(Records excerpted from a collection)
Content starts
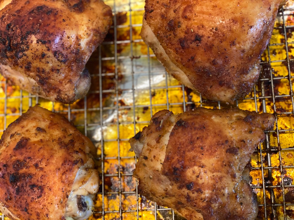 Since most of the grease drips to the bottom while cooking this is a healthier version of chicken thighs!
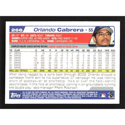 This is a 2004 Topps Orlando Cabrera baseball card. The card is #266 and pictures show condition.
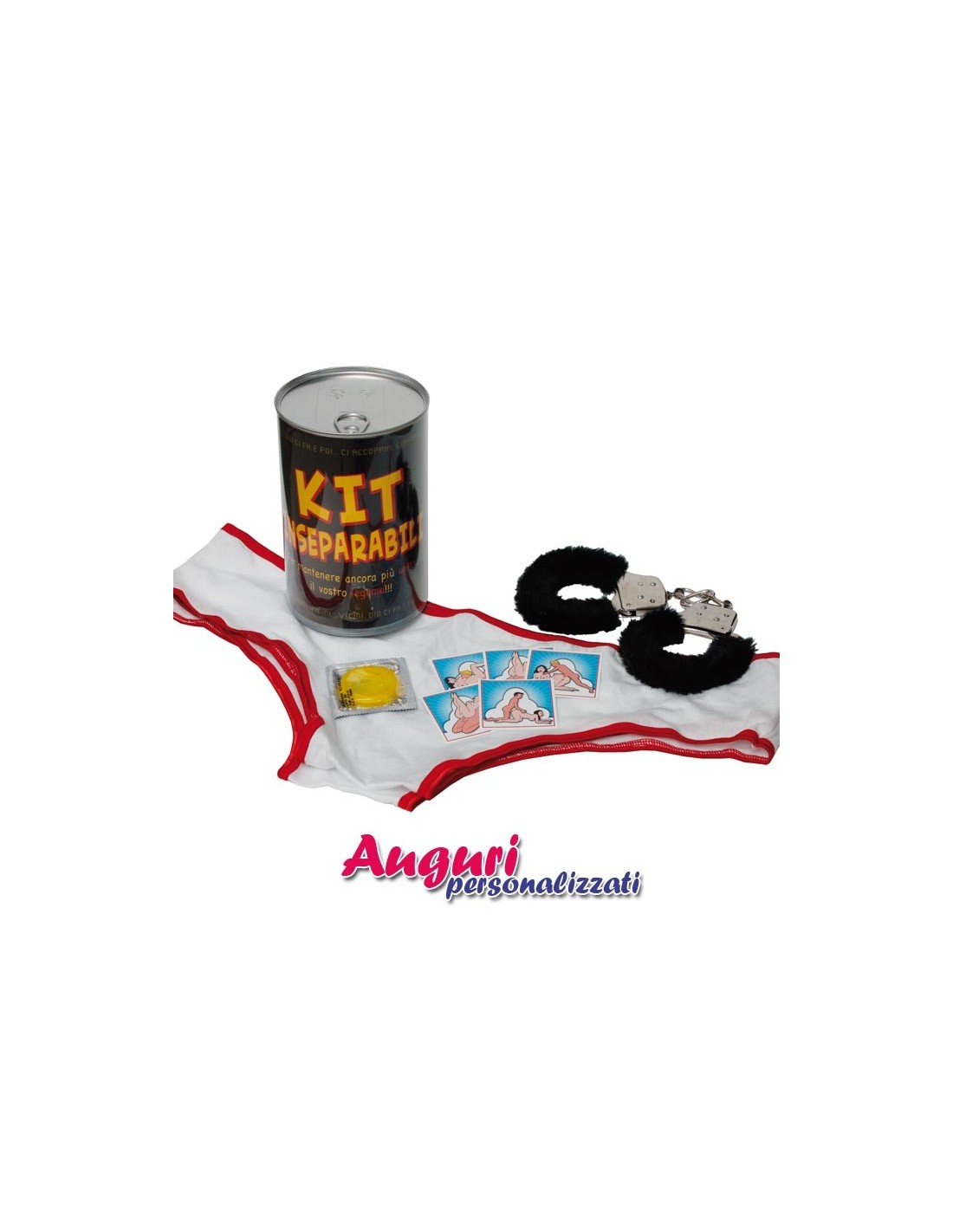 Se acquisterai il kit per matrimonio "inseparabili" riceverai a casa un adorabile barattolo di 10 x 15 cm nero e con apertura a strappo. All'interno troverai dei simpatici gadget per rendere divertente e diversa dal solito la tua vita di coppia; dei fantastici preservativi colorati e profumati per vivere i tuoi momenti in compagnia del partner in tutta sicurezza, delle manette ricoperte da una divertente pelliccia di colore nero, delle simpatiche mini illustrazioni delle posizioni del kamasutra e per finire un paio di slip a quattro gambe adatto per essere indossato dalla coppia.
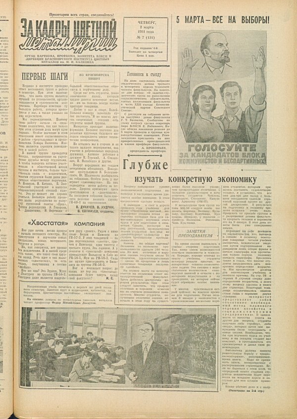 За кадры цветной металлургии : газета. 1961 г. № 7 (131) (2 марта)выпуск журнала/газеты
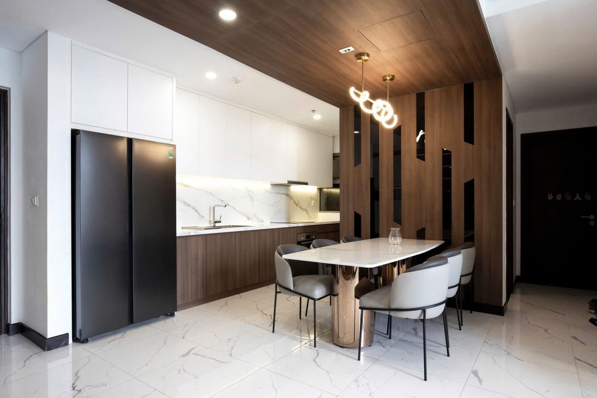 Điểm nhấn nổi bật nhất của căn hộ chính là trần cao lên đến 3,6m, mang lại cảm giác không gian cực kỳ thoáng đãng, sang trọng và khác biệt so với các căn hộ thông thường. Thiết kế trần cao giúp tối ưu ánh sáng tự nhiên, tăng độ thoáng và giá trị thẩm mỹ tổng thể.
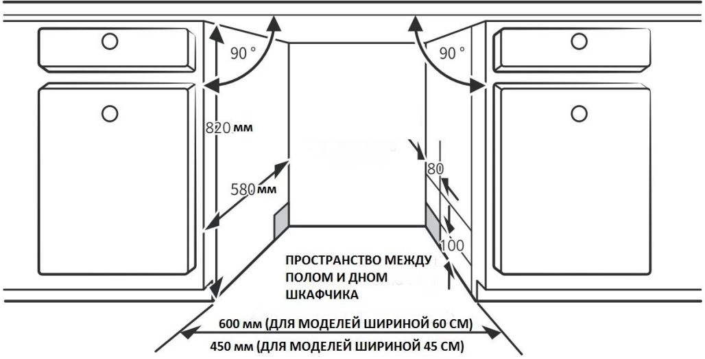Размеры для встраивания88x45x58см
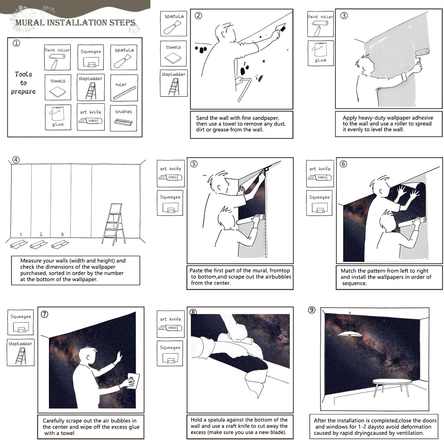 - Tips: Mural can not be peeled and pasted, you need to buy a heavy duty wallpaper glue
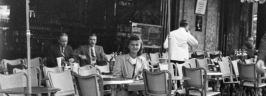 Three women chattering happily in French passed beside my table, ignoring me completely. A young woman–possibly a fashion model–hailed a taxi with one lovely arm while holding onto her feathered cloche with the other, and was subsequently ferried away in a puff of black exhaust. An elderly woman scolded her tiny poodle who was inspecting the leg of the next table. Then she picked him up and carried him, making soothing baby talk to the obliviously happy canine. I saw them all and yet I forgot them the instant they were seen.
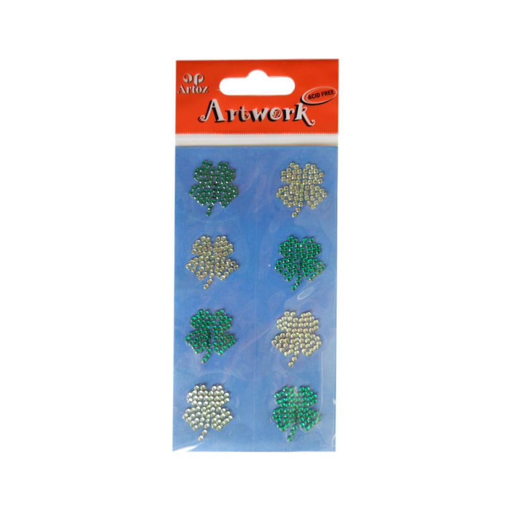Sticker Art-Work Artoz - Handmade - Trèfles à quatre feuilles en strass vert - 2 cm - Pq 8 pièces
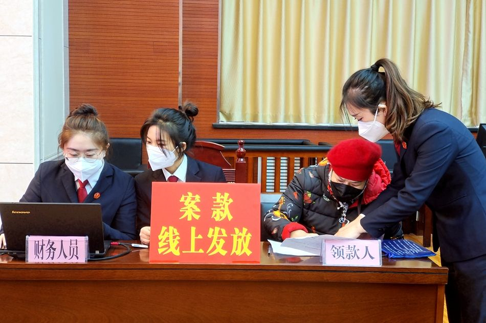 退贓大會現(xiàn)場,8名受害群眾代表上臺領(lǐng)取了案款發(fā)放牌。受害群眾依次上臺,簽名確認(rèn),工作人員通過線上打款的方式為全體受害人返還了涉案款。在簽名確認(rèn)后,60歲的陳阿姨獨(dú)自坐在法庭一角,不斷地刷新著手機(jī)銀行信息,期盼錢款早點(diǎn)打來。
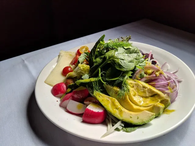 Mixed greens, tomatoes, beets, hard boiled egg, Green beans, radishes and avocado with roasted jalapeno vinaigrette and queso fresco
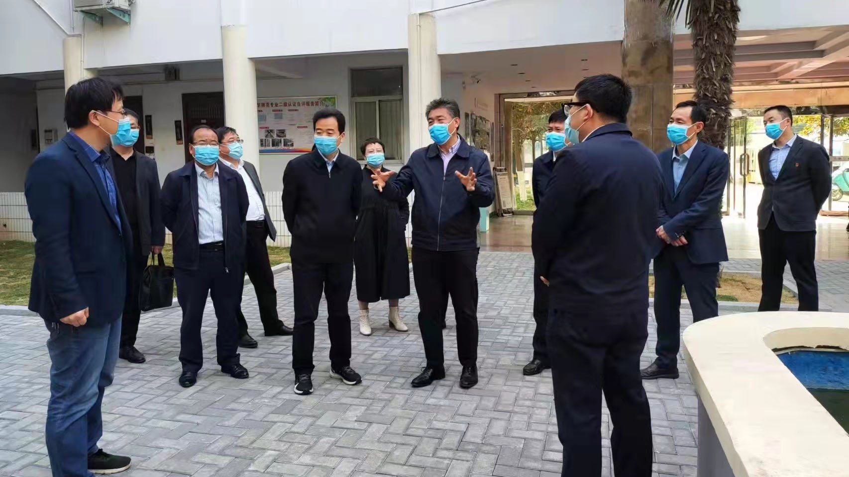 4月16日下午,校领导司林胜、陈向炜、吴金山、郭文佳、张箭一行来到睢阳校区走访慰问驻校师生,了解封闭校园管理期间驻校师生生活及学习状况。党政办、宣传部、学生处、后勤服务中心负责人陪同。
Content ends
Copy exactly the lines from the one containing "Размеры для встраивания88x45x58см" to the end of the records, both included, and leave the pictures out.

Размеры для встраивания88x45x58см
 - Tips: Mural can not be peeled and pasted, you need to buy a heavy duty wallpaper glue
 Three women chattering happily in French passed beside my table, ignoring me completely. A young woman–possibly a fashion model–hailed a taxi with one lovely arm while holding onto her feathered cloche with the other, and was subsequently ferried away in a puff of black exhaust. An elderly woman scolded her tiny poodle who was inspecting the leg of the next table. Then she picked him up and carried him, making soothing baby talk to the obliviously happy canine. I saw them all and yet I forgot them the instant they were seen.
Sticker Art-Work Artoz - Handmade - Trèfles à quatre feuilles en strass vert - 2 cm - Pq 8 pièces
 退贓大會現(xiàn)場,8名受害群眾代表上臺領(lǐng)取了案款發(fā)放牌。受害群眾依次上臺,簽名確認(rèn),工作人員通過線上打款的方式為全體受害人返還了涉案款。在簽名確認(rèn)后,60歲的陳阿姨獨(dú)自坐在法庭一角,不斷地刷新著手機(jī)銀行信息,期盼錢款早點(diǎn)打來。
 Mixed greens, tomatoes, beets, hard boiled egg, Green beans, radishes and avocado with roasted jalapeno vinaigrette and queso fresco
 4月16日下午,校领导司林胜、陈向炜、吴金山、郭文佳、张箭一行来到睢阳校区走访慰问驻校师生,了解封闭校园管理期间驻校师生生活及学习状况。党政办、宣传部、学生处、后勤服务中心负责人陪同。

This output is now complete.